Problem description |
The expected output is every record below, transcribed exactly, with the pictures left out.

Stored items

+ + + +

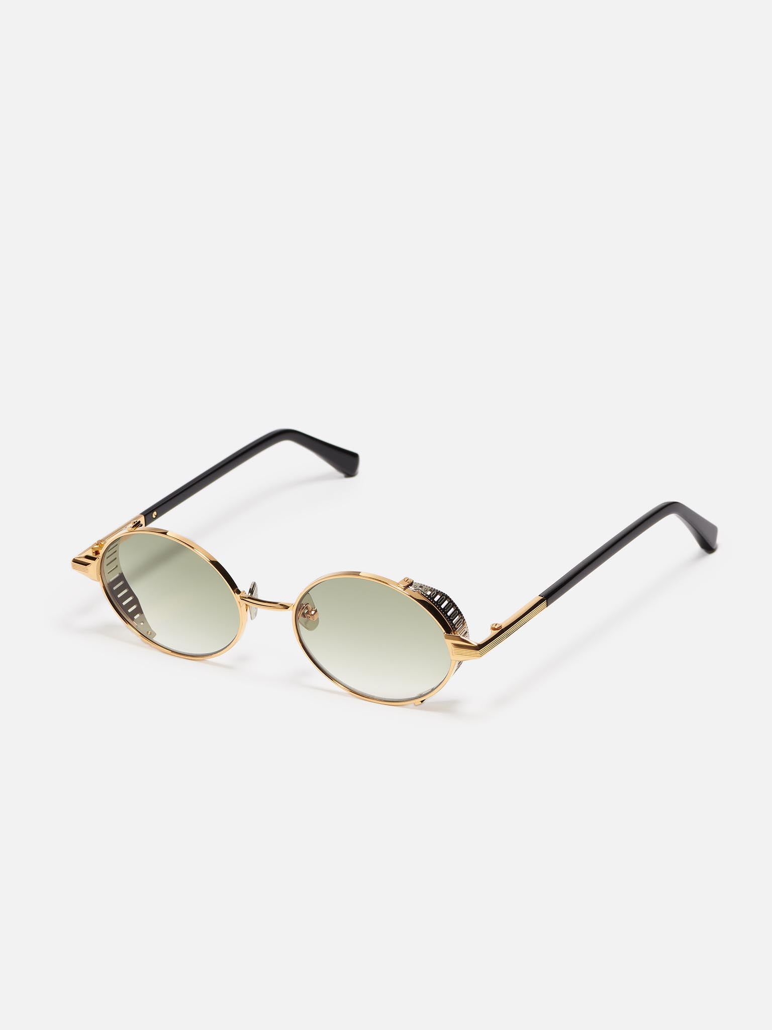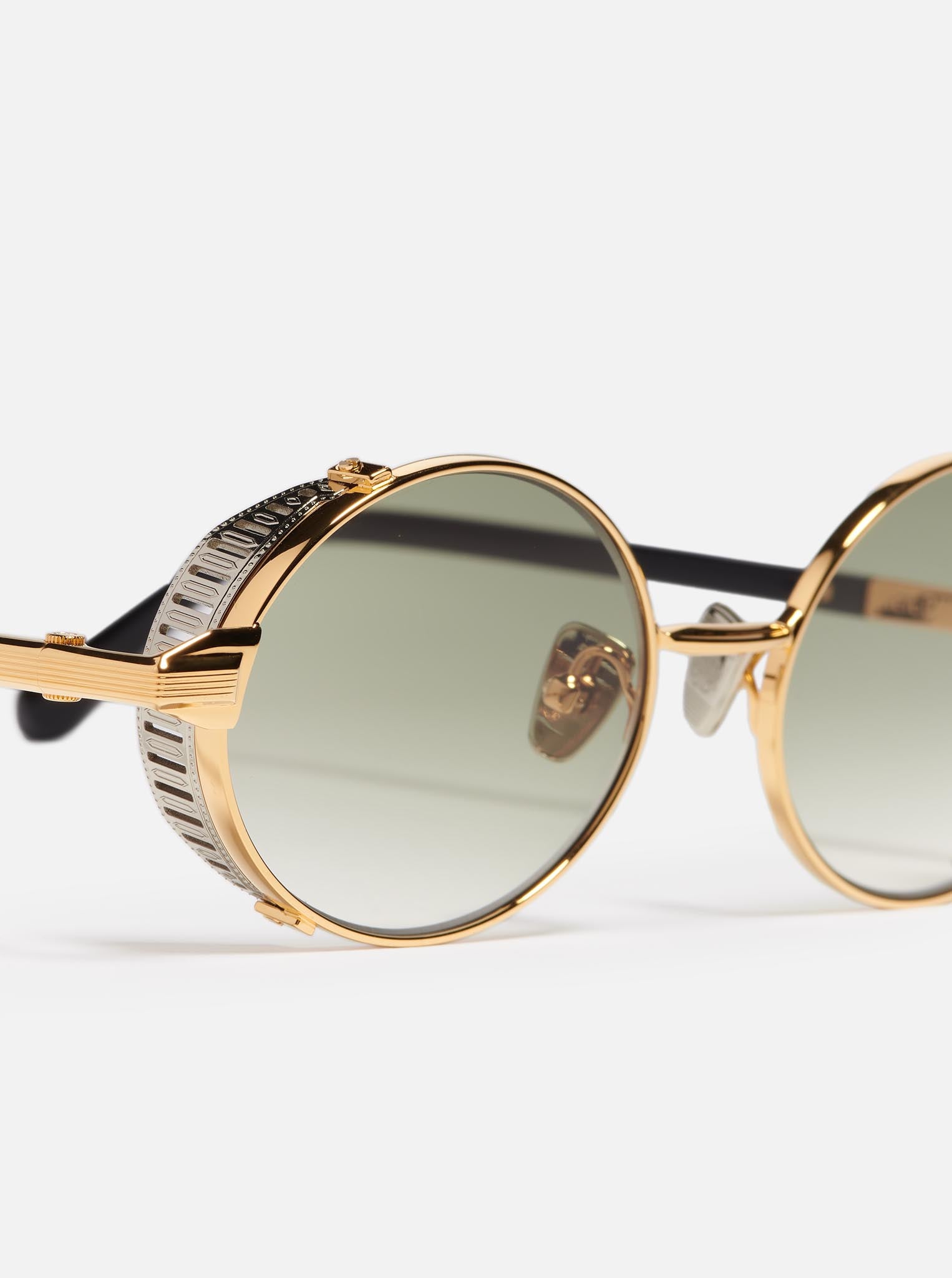 The structure is made of yellow gold-plated stainless steel (5µ) with a jeweler’s hallmark on the inside of the temple. The side shields and nose pads are ruthenium-colored, while the temple tips are crafted from black acetate.
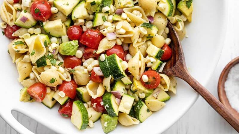 الخضار الصيفية الملونة ، الأفوكادو الكريمي ، المعكرونة ، صلصة الخل بالليمون تجعل هذه السلطة الخفيفة والصيفية حلوة وطازجة.
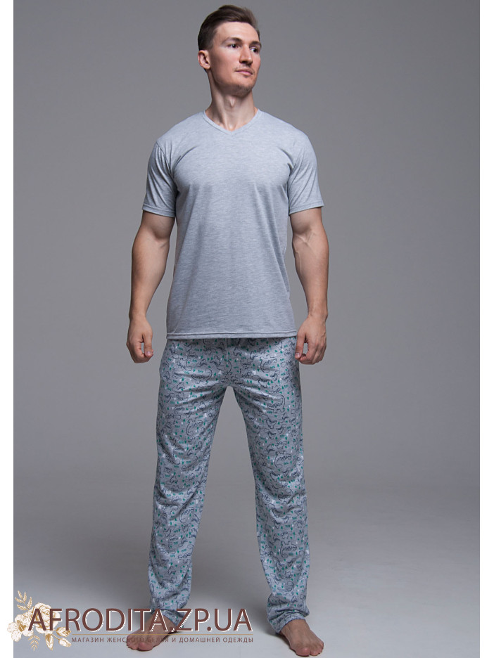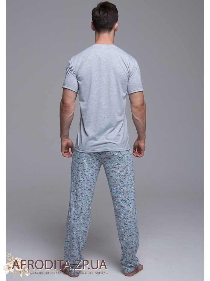 Чоловічий домашній комплект 653-16008 із бавовни, що складається з футболки сірого кольору з коротким рукавом та штанів прямого крою.
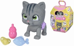 Kociątko PAMPER PETZ jest idealnym zwierzątkiem dla dzieci, które cieszą się magią adopcji i opieki nad małą zabawką. Zabawka zawiera możliwość picia prawdziwej wody z butelki, a następnie sika do pieluszki, która zmienia kolor, gdy jest mokra. Magiczna łapka zdradza, czy kociątko jest chłopcem, czy dziewczynką.
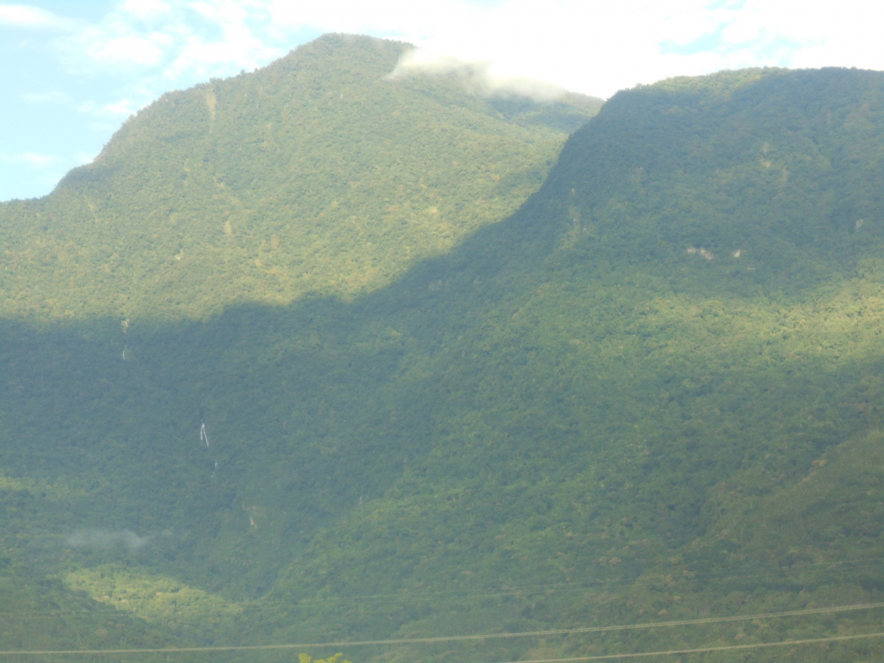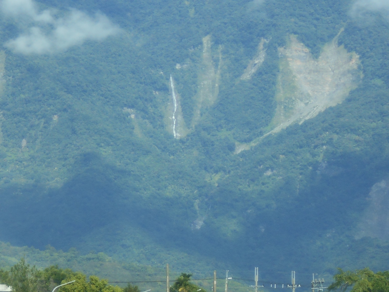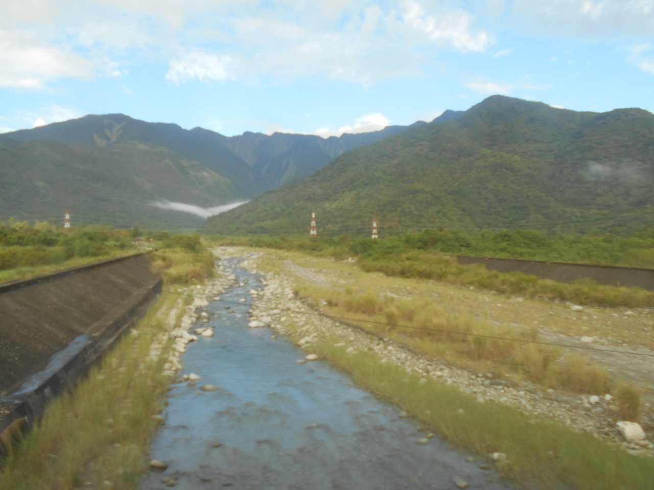 花蓮から台東への移動、バスは4時間程で、出発が遅い分、台東到着は午後になる。又、運賃が鉄道の急行(筥光号)の倍程なので、朝早い鉄道にした。特急に客が流れるのか車内はガラガラ状態で、座席も快適。景色を堪能したいな南下する場合は右側が外せない。緑の谷、乾いた河原、そして険しい山並みが延々と続き、時に瀑布を見つける事がある。

+ + + +

Output below |
 The structure is made of yellow gold-plated stainless steel (5µ) with a jeweler’s hallmark on the inside of the temple. The side shields and nose pads are ruthenium-colored, while the temple tips are crafted from black acetate.
 الخضار الصيفية الملونة ، الأفوكادو الكريمي ، المعكرونة ، صلصة الخل بالليمون تجعل هذه السلطة الخفيفة والصيفية حلوة وطازجة.
 Чоловічий домашній комплект 653-16008 із бавовни, що складається з футболки сірого кольору з коротким рукавом та штанів прямого крою.
 Kociątko PAMPER PETZ jest idealnym zwierzątkiem dla dzieci, które cieszą się magią adopcji i opieki nad małą zabawką. Zabawka zawiera możliwość picia prawdziwej wody z butelki, a następnie sika do pieluszki, która zmienia kolor, gdy jest mokra. Magiczna łapka zdradza, czy kociątko jest chłopcem, czy dziewczynką.
 花蓮から台東への移動、バスは4時間程で、出発が遅い分、台東到着は午後になる。又、運賃が鉄道の急行(筥光号)の倍程なので、朝早い鉄道にした。特急に客が流れるのか車内はガラガラ状態で、座席も快適。景色を堪能したいな南下する場合は右側が外せない。緑の谷、乾いた河原、そして険しい山並みが延々と続き、時に瀑布を見つける事がある。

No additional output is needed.